- [WHAT THE EXERCISE ASKS]
Under this line are the records; write out word for word the part that begins at the line containing "إيجارات الكويت - مطلوب" and ends at the line containing "black armor, cloak, dark", and no more.

Stored data entries
[Start of Attachment]

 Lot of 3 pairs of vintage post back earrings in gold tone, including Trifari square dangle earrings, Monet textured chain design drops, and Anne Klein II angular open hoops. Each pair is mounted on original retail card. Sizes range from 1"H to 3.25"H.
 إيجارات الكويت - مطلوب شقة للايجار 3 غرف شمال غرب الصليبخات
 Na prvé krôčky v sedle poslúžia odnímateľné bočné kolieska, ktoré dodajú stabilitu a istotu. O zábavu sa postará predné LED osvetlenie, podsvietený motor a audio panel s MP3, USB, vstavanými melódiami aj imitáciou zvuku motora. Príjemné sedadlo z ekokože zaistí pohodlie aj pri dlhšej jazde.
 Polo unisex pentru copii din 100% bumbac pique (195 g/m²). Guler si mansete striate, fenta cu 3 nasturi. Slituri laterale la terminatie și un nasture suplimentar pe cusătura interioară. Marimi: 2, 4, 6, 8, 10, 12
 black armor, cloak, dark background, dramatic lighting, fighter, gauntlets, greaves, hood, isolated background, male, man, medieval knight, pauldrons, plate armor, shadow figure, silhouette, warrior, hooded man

[End of Attachment]
[Start of Attachment]

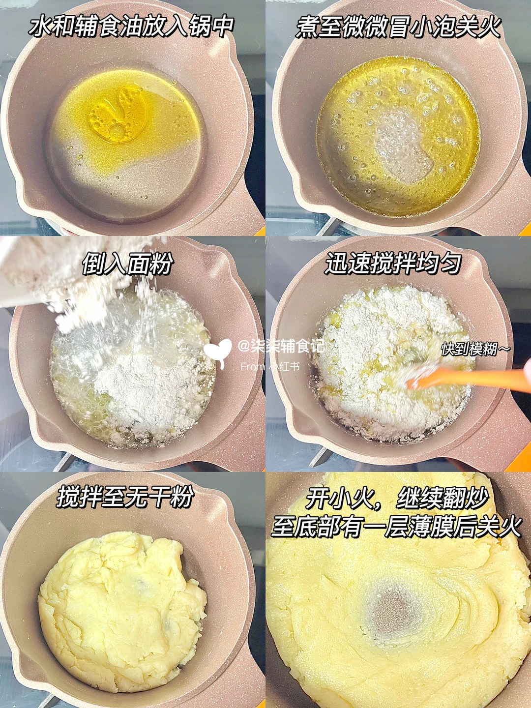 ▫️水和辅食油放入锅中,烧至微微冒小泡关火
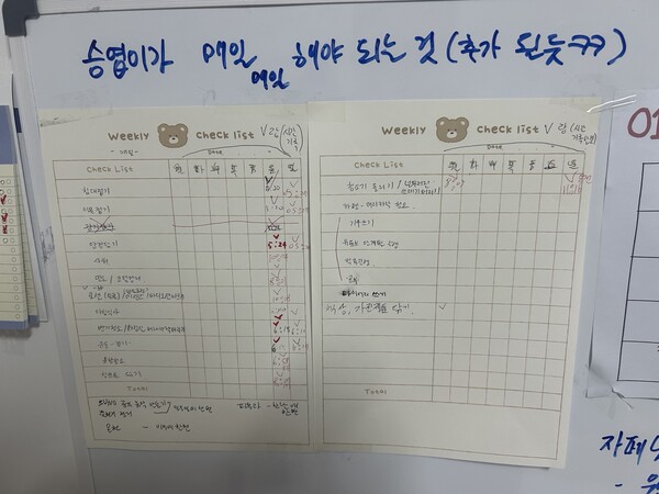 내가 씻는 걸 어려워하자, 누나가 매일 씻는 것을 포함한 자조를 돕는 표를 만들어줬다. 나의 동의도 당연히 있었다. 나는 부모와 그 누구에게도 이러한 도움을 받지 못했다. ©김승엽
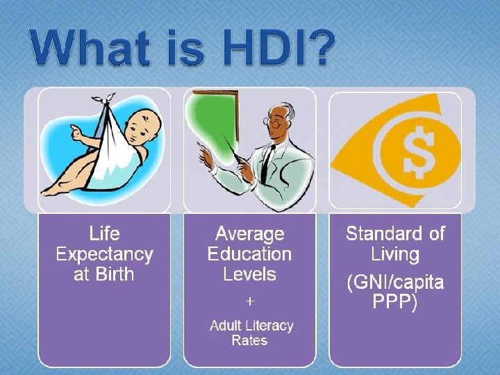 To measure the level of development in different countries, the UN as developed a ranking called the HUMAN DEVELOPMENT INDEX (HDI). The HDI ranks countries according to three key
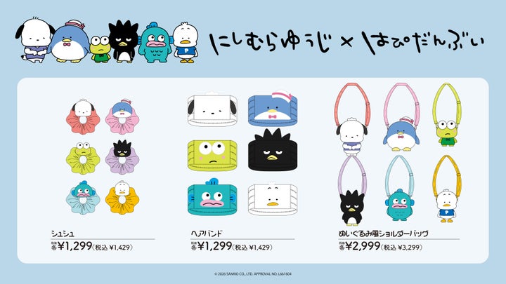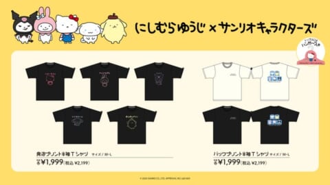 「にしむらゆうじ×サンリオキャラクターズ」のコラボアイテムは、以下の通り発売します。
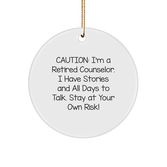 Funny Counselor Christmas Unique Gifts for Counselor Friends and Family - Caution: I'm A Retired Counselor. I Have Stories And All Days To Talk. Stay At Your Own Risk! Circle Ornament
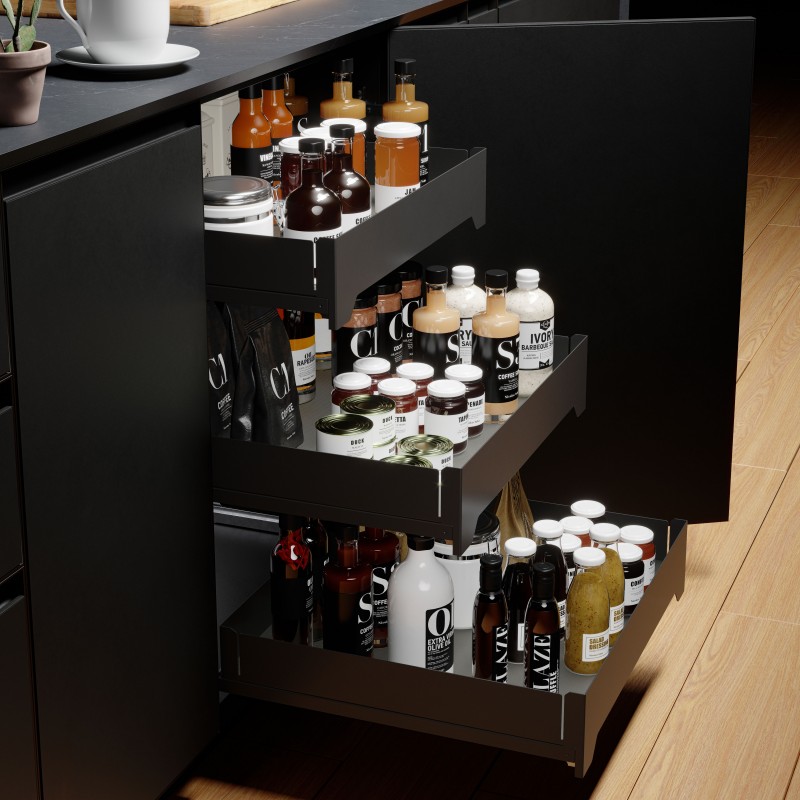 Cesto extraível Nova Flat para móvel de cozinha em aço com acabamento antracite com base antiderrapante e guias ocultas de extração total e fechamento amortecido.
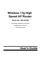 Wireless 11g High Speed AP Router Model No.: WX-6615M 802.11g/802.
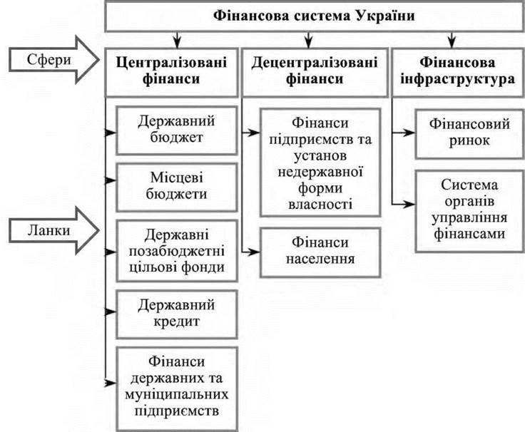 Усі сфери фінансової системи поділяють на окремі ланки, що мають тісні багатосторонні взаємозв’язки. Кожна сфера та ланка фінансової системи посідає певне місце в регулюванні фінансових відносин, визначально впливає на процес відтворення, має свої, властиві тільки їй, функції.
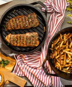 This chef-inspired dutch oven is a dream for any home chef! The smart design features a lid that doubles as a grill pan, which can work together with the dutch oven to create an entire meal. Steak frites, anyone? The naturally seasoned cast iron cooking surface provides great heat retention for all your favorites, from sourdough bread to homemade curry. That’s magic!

[End of Attachment]

- [SOLVED EXERCISE]
 إيجارات الكويت - مطلوب شقة للايجار 3 غرف شمال غرب الصليبخات
 Na prvé krôčky v sedle poslúžia odnímateľné bočné kolieska, ktoré dodajú stabilitu a istotu. O zábavu sa postará predné LED osvetlenie, podsvietený motor a audio panel s MP3, USB, vstavanými melódiami aj imitáciou zvuku motora. Príjemné sedadlo z ekokože zaistí pohodlie aj pri dlhšej jazde.
 Polo unisex pentru copii din 100% bumbac pique (195 g/m²). Guler si mansete striate, fenta cu 3 nasturi. Slituri laterale la terminatie și un nasture suplimentar pe cusătura interioară. Marimi: 2, 4, 6, 8, 10, 12
 black armor, cloak, dark background, dramatic lighting, fighter, gauntlets, greaves, hood, isolated background, male, man, medieval knight, pauldrons, plate armor, shadow figure, silhouette, warrior, hooded man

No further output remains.